An Interview with Simon Rand

Hello all. It’s that time of the week again, when we introduce a creative type and ask them the seven handsome and pretty questions.

Today’s guest, Simon, brings a new slant to our usual interview. As you can read in his biog, he is “torn between … the left and right sides of his brain”. It’s something we here at H&P have been discussing a lot recently. About having people on here that are extremely creative but who channel that creativity through jobs which, from the outside, may not seem ‘artistic’. We sometimes think there are boundaries to what and who is an artist, but is this actually correct? Why is an accountant not creative working with figures and spreadsheets? Do you have to have a paintbrush in your hand or be on the stage? We certainly don’t think so.

So Simon is somewhere in between as he says himself …

“Simon Rand is director at iorum, a Dublin based web and mobile development company established in 2006. He has programmed since he was 7 years old, got into graphic design in his teens and studied industrial design in NCAD. As a result of this, Simon is constantly torn between satisfying both the left and right sides of his brain, not helped by a burning desire to return to his band playing days of old.”

How and where are you today?

 I’m good. The July rain is pouring down on the rooflights above me and I’m sitting at my shiny desk in our office in the very centre of Dublin. I’m sitting in a chair I wrote an essay about in college, which I bought with money I got with a design award I won when I graduated.

How would you describe the journey that has brought you to this place? And was this the destination you had in mind?

Looking back on it my journey has been much more calculated and intentional than I realised at the time. The control freak in me could be warping my memory to think this way, but there has been some moments where I made big decisions which I can clearly see affected where I am today. It’s obviously naive to think we are the sole orchestrators of our successes and failures, but I believe there is some truth in this, I feel too many people are too afraid to admit it and take responsibility for their actions and decisions.

 On the face of it, where I am at this point is pretty close to what I had in mind, but I don’t think anyone, or anything, can prepare you for the reality of when you arrive. I’ve come to accept that the process will never end, until I ultimately do. I’m glad that in some aspects of my life I never waited for the day I thought it would all start, but there are some other parts that I was a bit of a coward and spent time waiting for my wisdom or experience to tell me I was ready to begin.

Do you have a process to ensure you are in the right frame of mind to create?
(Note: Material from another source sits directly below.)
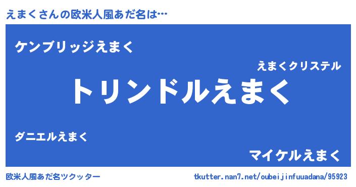 | 男性向けラノベタイトル風あだ名 | 『えまく~年齢イコール彼女いない歴の魔法使い~』 |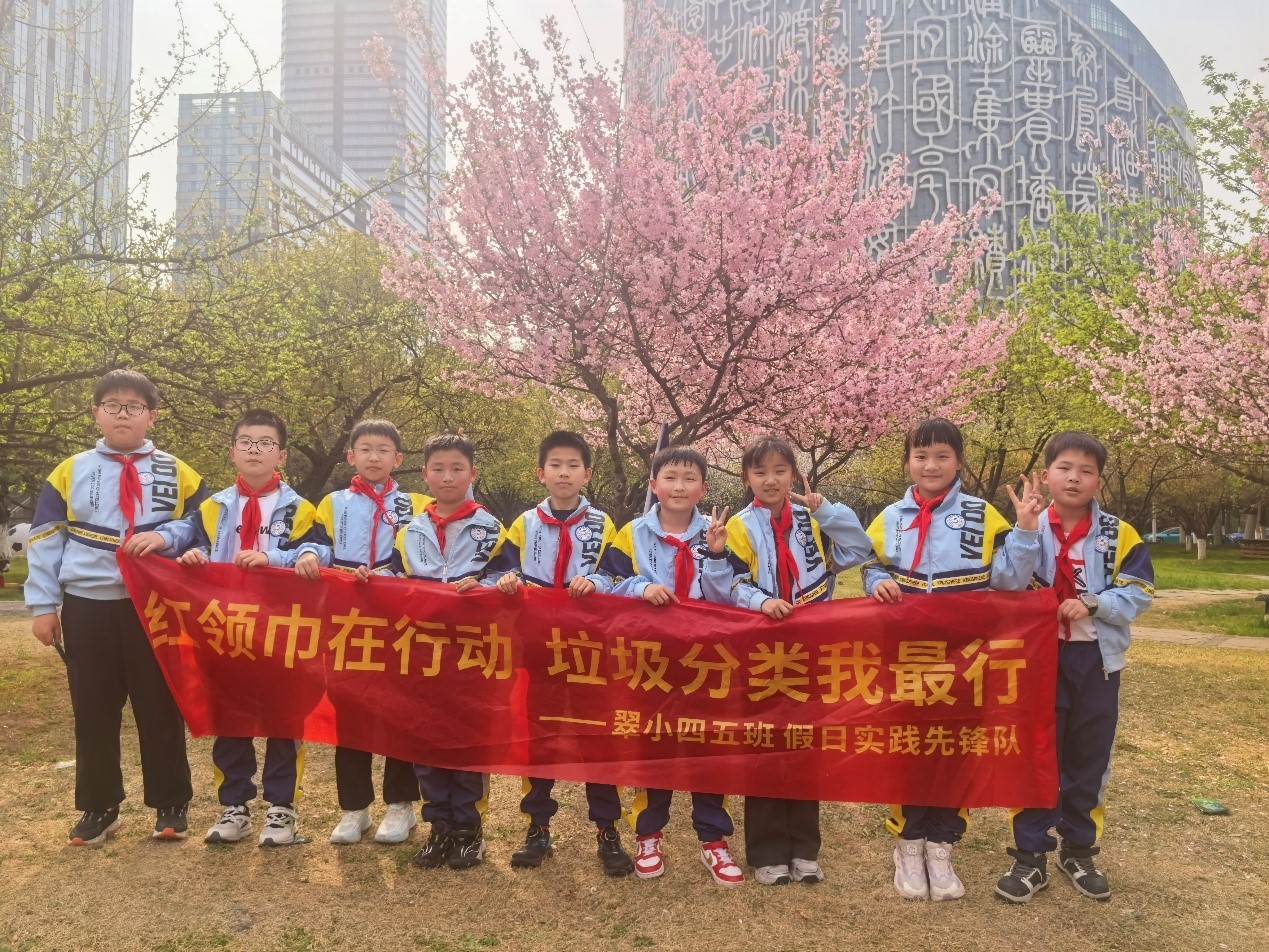 为践行生态文明理念,引导少先队员争做环保小卫士,3月29日,合肥市翠庭园小学四(5)班假日实践先锋队走进绿轴公园,开展“红领巾在行动,垃圾分类我最行”主题小队实践活动。

I have grand ideas about this, but in reality I create when I have to. I’m happiest with the things I create when they just happen, but this is the rare case, usually for things to happen, I have to have some pressure applied. This does seems to be changing as I get older, maybe because my priorities are changing, as I realise I can no longer spend my life working, so that feels like it is be becoming the pressure that makes me create.

 As this changes I think it’s important to accept that you’ll sometimes be in the right frame of mind, and sometimes not, the key is giving yourself the time and space to allow this to happen.

 Day to day, I’m a terrible list maker and ignorer. I’ve tried every methodology, computer programme, app and web site, and I’ve yet to find the right way to give me the time I need to create. (Pen and notepad always wins by the way)

 How do you think your background and culture influences your creations?

I think these only influence me to a certain extent. There’s inevitable consequences as a result of your background, like the opportunities that you are given and the people you spend your days with, but I do believe there’s a cutoff point. I suppose when you enter the world on your own, you realise that these things are somewhat irrelevant, and at that point you can choose to carve your own way regardless of where you’ve come from.

In terms of my work, I don’t think there’s the opportunity to express myself greatly in what I do, my creations are far more functional than expressive. I’m ok with this, I’ll always have this to hide behind when someone criticises something I’ve done.

What does beauty mean to you?

Beauty is solace. It’s in a loved ones face, an environment, a painting, music, a product, a line of code, whatever gives you a sense of calm, joy or any other number of (both positive and sometimes negative) emotions. Beauty takes you from your own internal thoughts and reminds you that experiences are there to be had and creation is something we all have the power and ability to do.

If we had interviewed you when you were 11, what would you have told us you wanted to be when you grew up?

I’ve told this story to so many people at this stage.. I wanted the world, but I had three passions, cars, Lego and planes. I now have a friend who works as a designer for Aston Martin, I have another friend who works as a designer for Lego, that leaves a pilot–I think there’s still time for me yet?

What advice have you received that you want everyone to benefit from?

I’ve found this question the hardest, there’s very little advice that I’ve been given that I remember. No disrespect to anyone who’s given me advice, I’m sure it’s gone in and has been stored, but there’s not much coming to mind when I try and think of one particular piece.

Some advice that was important to me when I was younger was something my Mum used to say, I could be a bit of a anxious kid, and she always used to tell me that “everything will pass” if I was worried about something. I still use this to get me through things but as I’m a little older now this has taken on another meaning in that good things pass too, so it’s important to make the most of them.

***

Thank you so very much Simon, we love your answers. Welcome to the family!